The Media Research Center is a right wing organization committed to exposing the liberal agenda in the mainstream press. In a recent column on their NewsBusters page, one of their writers makes reference to a comment I made regarding the National Association of Hispanic Journalists and its decision not to comment on the firing of Rick Sanchez from CNN.
I made the following comment during an appearance on NPR:
Well, my history with the organization [NAHJ] – I can answer it as if the question had been posed to me three years ago. And my answer would have been we tend not to weigh in on personnel matters. If an organization fires an employee, we try to stay out of that as much as possible. [Emphasis Newsbusters’] There – are there reasons that people would expect NAHJ to say something? Sure. But, you know, when it comes to a boss firing an employee, it takes a lot for us to jump in on that.
NewsBusters writer Tim Graham then notes, accurately:
Actually, three years ago, NAHJ president Olmeda was demanding Dallas Fox affiliate KDFW reinstate reporter Rebecca Aguilar after she accused a local man of being “trigger-happy” after he defended himself against an intruder.
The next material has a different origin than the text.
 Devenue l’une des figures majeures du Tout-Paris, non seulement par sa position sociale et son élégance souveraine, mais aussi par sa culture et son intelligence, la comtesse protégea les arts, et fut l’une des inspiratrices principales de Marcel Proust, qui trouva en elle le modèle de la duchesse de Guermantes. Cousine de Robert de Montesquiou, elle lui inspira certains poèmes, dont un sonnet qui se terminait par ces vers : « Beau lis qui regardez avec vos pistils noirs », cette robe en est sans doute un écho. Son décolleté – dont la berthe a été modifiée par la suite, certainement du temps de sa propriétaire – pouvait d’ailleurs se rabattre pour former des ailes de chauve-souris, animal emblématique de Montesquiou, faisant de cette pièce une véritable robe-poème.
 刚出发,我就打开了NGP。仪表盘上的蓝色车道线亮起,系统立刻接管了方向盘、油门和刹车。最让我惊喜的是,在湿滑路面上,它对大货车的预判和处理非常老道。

Call me simple, but I can’t find any way to leave a comment on the story [Note: this has since been corrected on the Newsbusterd site]. So I’ll expound on the matter here.
Why did I respond to the Rebecca Aguilar situation in 2007 and then say NAHJ tries not to get involved in personnel matters? I know Graham couldn’t be bothered with anything so complicated as, I don’t know, just calling me and asking me, but I do think it’s a fair question. So here’s the answer.
A few weeks before Rebecca Aguilar was suspended from her job at a Texas TV station, she was honored as NAHJ’s Broadcast Journalist of the Year. When she was accused of ambushing the subject of a story and accusing him of being trigger happy, her station suspended her… and no one else. There were calls for NAHJ to rescind the award.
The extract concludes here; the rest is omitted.